The rebels later denied that Yulo had invited all who had said “Nay” to put their opposition on record. Many who had raised a voice against reelection preferred to remain more or less unknown.
The party went quickly after the four marked men. Convention officials discovered that Dimaculañgan was not a bona fide delegate. Mayor Juan Buenafe of Batangas, Batangas, wired the convention: “The municipal council and the people of this town protest against the appointment of anti-reelectionist delegates. . . . We are unconditionally for reelection.”
Elections in 1939?
The reelection plan however seemed to have suffered a change. The old proposal was to hold the second election in 1941, when Mr. Quezon’s six-year term will be finished. He would then serve for two years of the new four-year term and then resign. However the plan now is apparently to hold the election this year, at the end of Mr. Quezon’s first four years, thus reelecting him for the full new four-year term.

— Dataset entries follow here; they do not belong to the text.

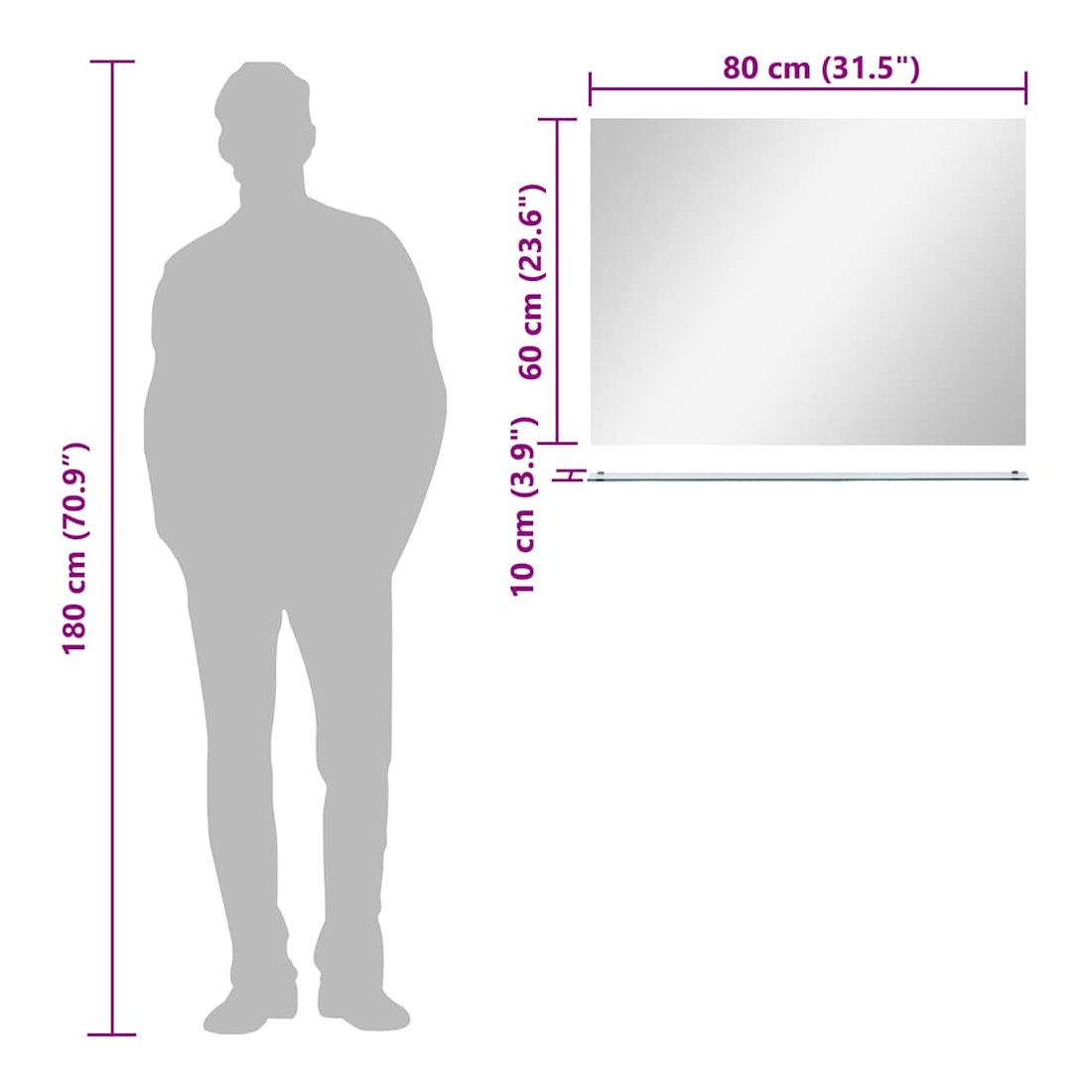 Notre miroir mural avec étagère sera un supplément pratique et décoratif à votre salle de bain, salon ou chambre à coucher. Le mobilier de salle de bain présente un style minimaliste et une étagère en miroir pratique pour afficher des objets décoratifs ou les essentiels du dressing. De conception contemporaine, notre miroir de salle de bain avec étagère est fabriqué en verre trempé, ce qui assure sa durabilité. Le miroir peut être facilement monté sur le mur.
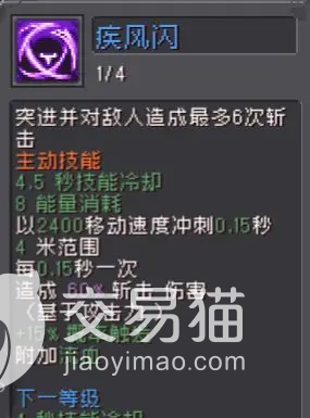 【疾风闪】:刺客开启技能后会以2400移动速度对周围敌人进行突进0.15秒,然后对4米范围中的敌人以每0.15秒一次的攻击对敌人造成60%的斩击,有15%的概率触发【流血】效果。
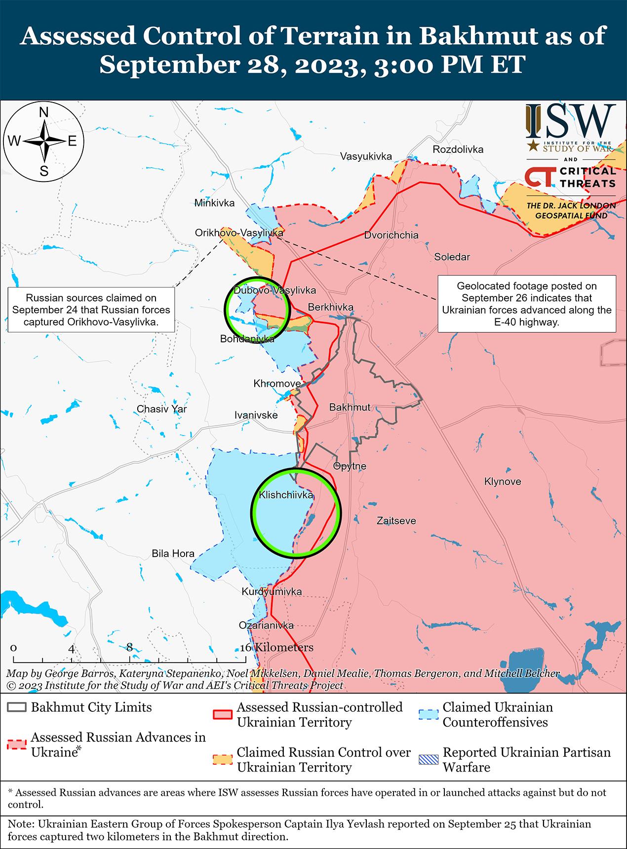 28 сентября российские войска провели наступательные действия в районе Бахмута, но не добились подтвержденных успехов. 27 сентября российский блогер заявил, что российские войска очистили от украинских сил Орехово-Васильевку (10 км к северо-западу от Бахмута), но ISW не обнаружил доказательств этого повторяющегося российского заявления. [51] 28 сентября Генштаб Украины сообщил, что российские войска провели безуспешные атаки в районе населенных пунктов Григоровка (9 км к северо-западу от Бахмута), Клещеевки и Андреевки. [52] Украинский директор планового управления Главного управления Нацгвардии полковник Николай Уршалович заявил, что российские военные усиливают передовые подразделения, чтобы не допустить дальнейшего продвижения Украины на Бахмутском направлении. [53]
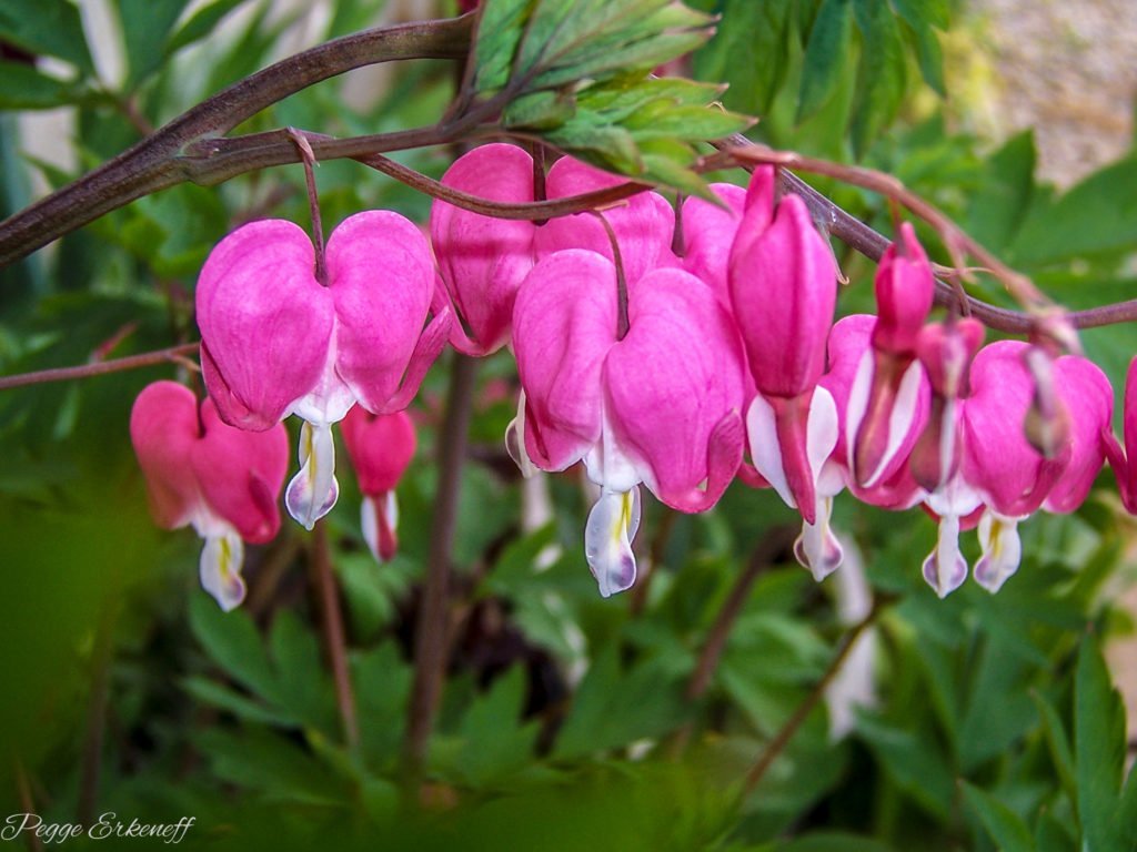 Dicentra spectabilis, commonly known as a bleeding heart, is a favorite perennial among gardeners. Two are planted in the garden near the entrance to our home. When early spring arrives, the bleeding hearts are quick to show lacey leaves and long stems of strawberry colored blossoms, some with as many as twenty dancing heart shapes on a stem. Each blossom is shaped like a heart. To pray with the image of bleeding heart flowers is to be reminded of how much suffering exists in our world. In full bloom, this stunning garden flower visually proclaims a need for love and concern poured out for the planet.
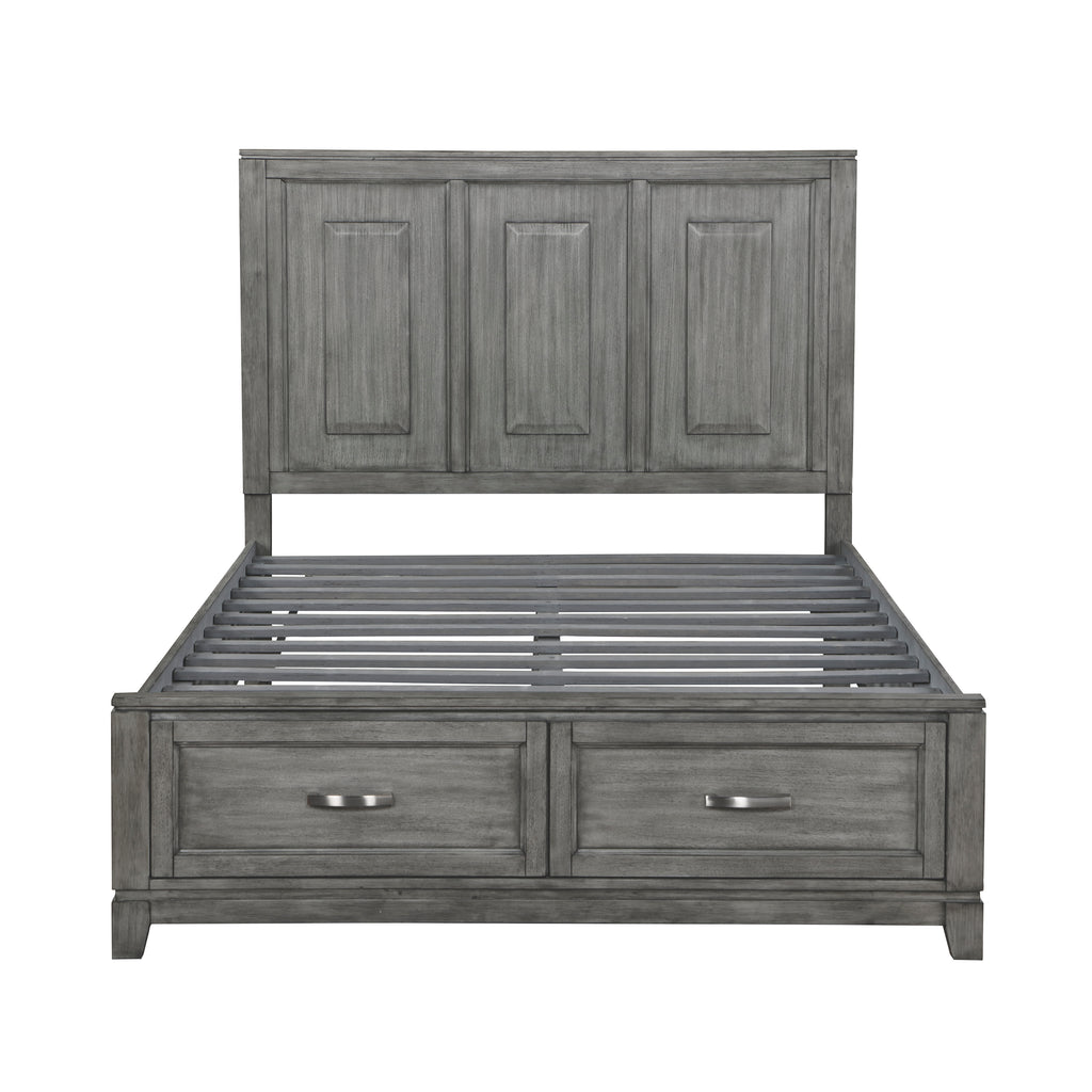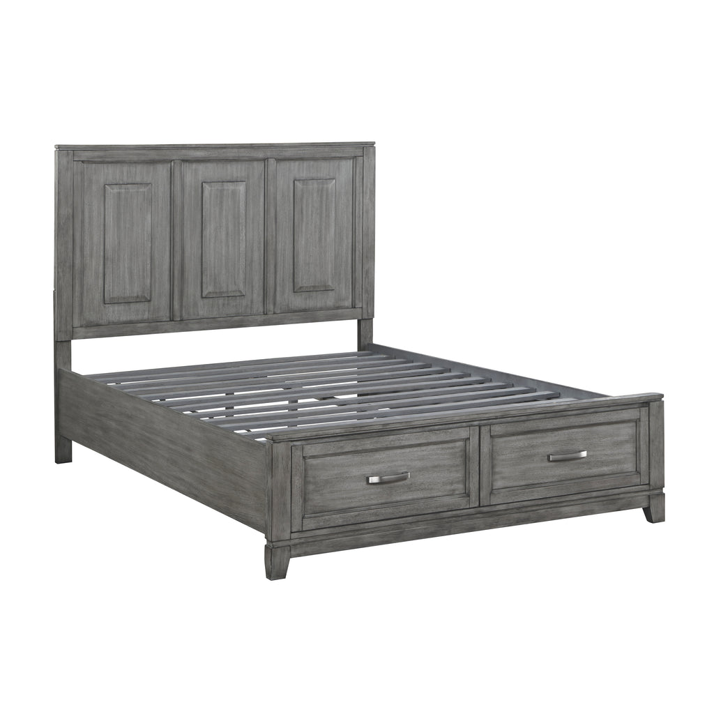The Garretson Collection blends transitional lines with rustic styling to create an elegant addition for your bedroom. The distinct grain of the okume veneer features a gray finish. The queen bed features metal bar hardware on the picture frame drawer fronts of the low-profile storage footboard, the two drawers creating additional space within your room for soft good storage.

The next morning, the convention took up the remaining resolutions, most important of which was the one on senate revival. Again Villanueva rose to object, supported by Iloilo’s Serapion C. Torre. The success of the unicameral Assembly, they argued was undeniable; why change the system?
But the only successful amendment to the amendment was one leaving the nature of the resurrected senate undecided; the President and the resolutions committee had advocated a senate-at-large. Other factions however wanted one senator for every province, or the revival of the old senatorial districts.
So headlong was the rush toward approval of the resolutions that Zulueta felt obliged to point out that the convention had no authority to change the Constitution; it could only suggest such changes to the Assembly or a constitution convention.
The Yes-men were in the immense majority, and when President Quezon arrived to close the convention, Saturday evening, he was greeted with a spontaneous roar. Moved by the demonstration, His Excellency repeated what he had told the Assembly in May: he was unwilling to serve more than eight years in all; he wanted to follow the precedent of George Washington.
He argued more at length on the need of a senate-at-large; it is believed, in fact, that one strong reason why Mr. Quezon is willing to go along on the reelection proposal is to secure the companion constitutional amendment for a senate.
But the strongest reason he gave at the end of his speech. “The only thing that I am afraid of,” he confessed, “is that after I leave the presidency the country may be divided, not along political lines, but on the choice of my successor. The country is not prepared for a great division among our people.”
There was indeed little fear of division as long as Manuel Quezon was President; the united tribute of the convention proved it once more. And if the Constitution is amended, the country need have no fear until 1943.